### INFORMATION SUPPLIED
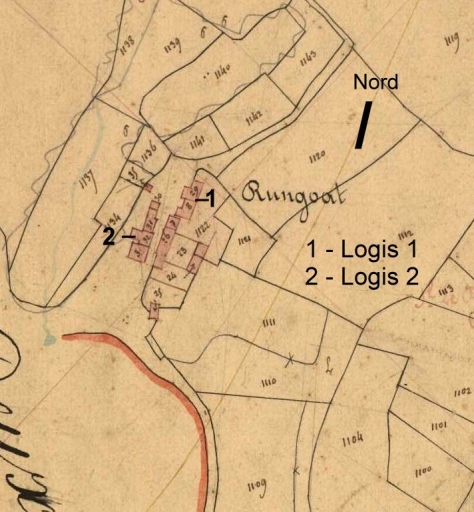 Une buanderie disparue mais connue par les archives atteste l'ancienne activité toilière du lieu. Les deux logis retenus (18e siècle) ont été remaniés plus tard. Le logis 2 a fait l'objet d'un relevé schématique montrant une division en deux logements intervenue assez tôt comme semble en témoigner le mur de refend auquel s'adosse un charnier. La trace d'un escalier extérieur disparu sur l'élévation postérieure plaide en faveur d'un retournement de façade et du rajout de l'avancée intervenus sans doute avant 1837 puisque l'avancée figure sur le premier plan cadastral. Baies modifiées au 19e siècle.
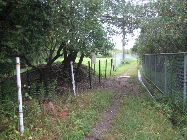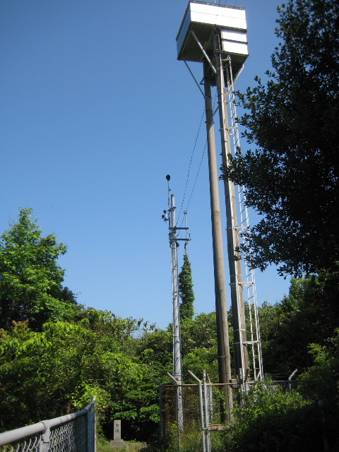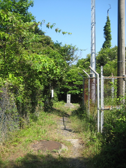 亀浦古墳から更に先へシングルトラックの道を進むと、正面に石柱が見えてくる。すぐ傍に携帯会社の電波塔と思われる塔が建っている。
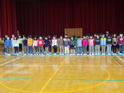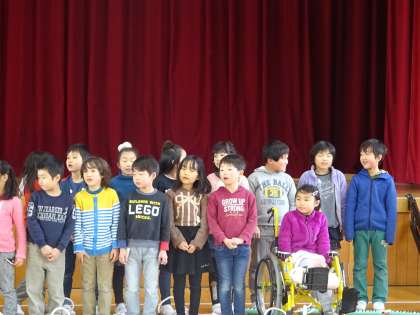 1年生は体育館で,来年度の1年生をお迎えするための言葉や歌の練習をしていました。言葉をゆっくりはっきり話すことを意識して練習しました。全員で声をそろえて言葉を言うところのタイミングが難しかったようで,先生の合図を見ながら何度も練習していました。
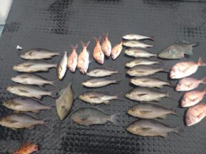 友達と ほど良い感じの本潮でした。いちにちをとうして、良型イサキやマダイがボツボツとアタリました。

### THE PROBLEM
Exactly repeat only the lines from the one with "亀浦古墳から更に先へシングル" to the closing line above, both included, and omit every picture.

### TASK RESULT
 亀浦古墳から更に先へシングルトラックの道を進むと、正面に石柱が見えてくる。すぐ傍に携帯会社の電波塔と思われる塔が建っている。
 1年生は体育館で,来年度の1年生をお迎えするための言葉や歌の練習をしていました。言葉をゆっくりはっきり話すことを意識して練習しました。全員で声をそろえて言葉を言うところのタイミングが難しかったようで,先生の合図を見ながら何度も練習していました。
 友達と ほど良い感じの本潮でした。いちにちをとうして、良型イサキやマダイがボツボツとアタリました。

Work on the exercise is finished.